Starring Rodney Eastman, Kim Walker, Gary Frank, Michael Horse, Gary Kroeger, Barney Martin, Sam Melville, Joe Regalbuto, William Sanderson, Ed Nelson

Directed by Michael Miner

Expectations: Not much, but it’s a remake of Laserblast so hopefully there are lots of explosions!


Most films hold their secrets back from the viewer, but Deadly Weapon reveals quite a big one right in the opening moments. Through on-screen text we learn that the entire film takes place in the mind of a 15-year-old boy. So any and all incredulity can be attributed to this, and boy does this movie go over the top! But while whatever we’re watching is supposedly only inside Zeke’s mind, I feel like there was also a more mundane version of the events playing out in “real life.” Nothing in the movie suggests or references this, I just chose to interpret the film’s exaggeration of everything as what they looked or felt like to Zeke in a heightened, hallucinatory state, similar to how a kid and an adult will remember the same event somewhat differently.

Zeke is an outcast kid who is bullied and beaten down by everyone in his life. He’s powerless against these people, but one day he finds an Army crate in the river outside of town. And what might be inside this crate? Well, some dumb ol’ office supplies are on top, but hidden underneath them is an experimental ray gun! Now Zeke’s got the power to fight back, and that’s exactly what he does! If that sounds at all familiar, it’s because Deadly Weapon is a remake of one of my favorite Charles Band films: Laserblast!

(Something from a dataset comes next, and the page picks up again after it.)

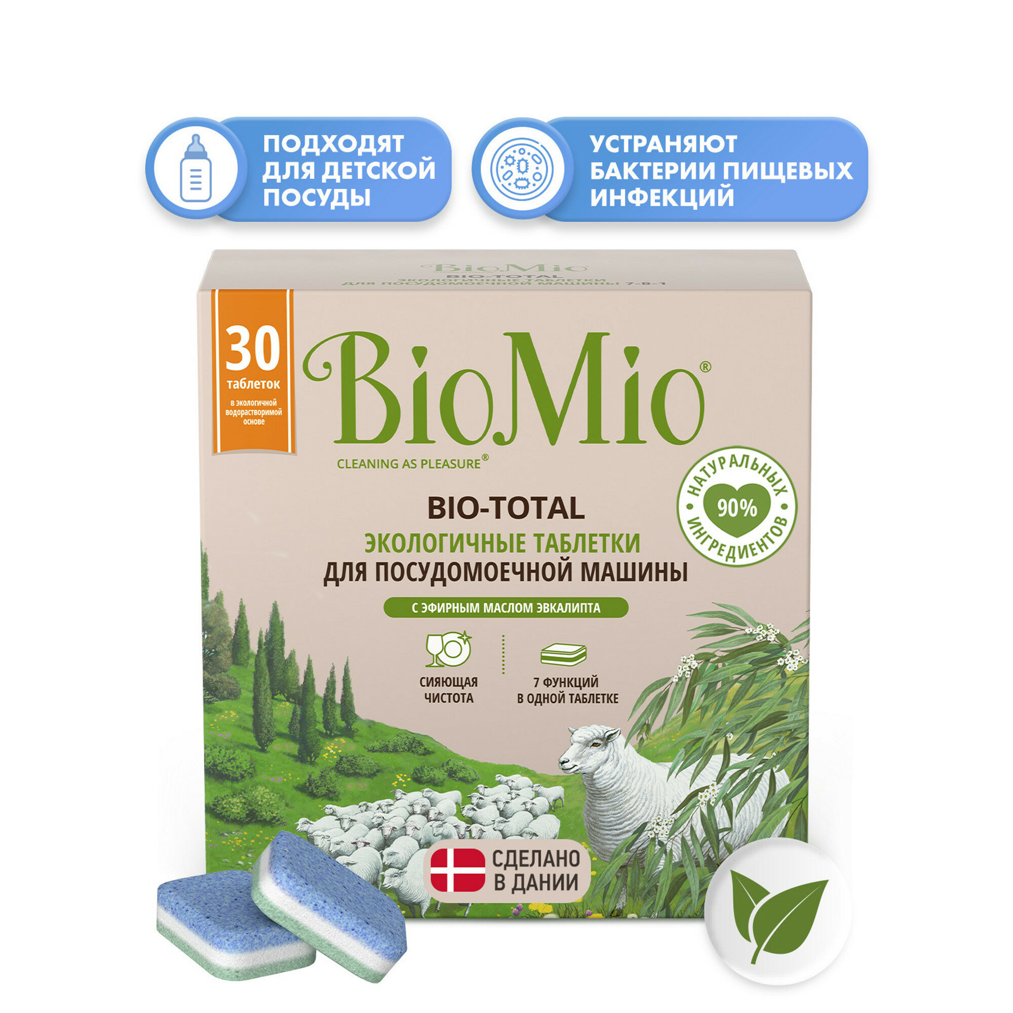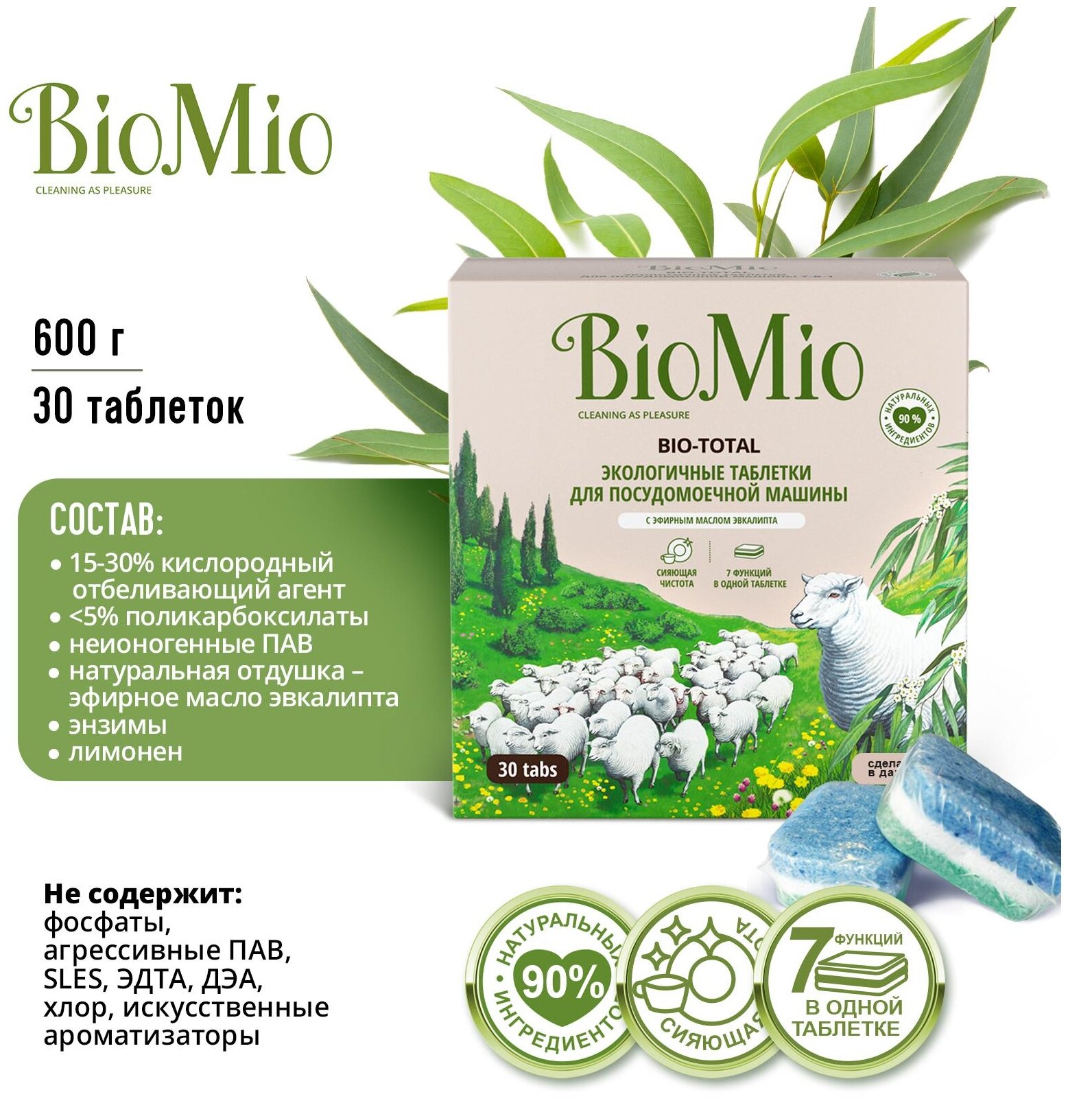 BioMio Таблетки для посудомоечных машин BIO-TOTAL, эвкалипт, 30 шт

The basics of the story are similar to Laserblast, but Deadly Weapon differs in significant ways. The weapon is of Army origin instead of an alien weapon, which might seem like a cursory difference but it actually causes the films to take different courses and feel completely different. While the kid in Laserblast roams the countryside exploding everything in sight, contracting some kind of space sickness along the way, the Deadly Weapon kid holes up in his local arcade with a bunch of hostages and his newly acquired girlfriend. Huh? How does he LASERBLAST stuff if it’s suddenly a siege movie?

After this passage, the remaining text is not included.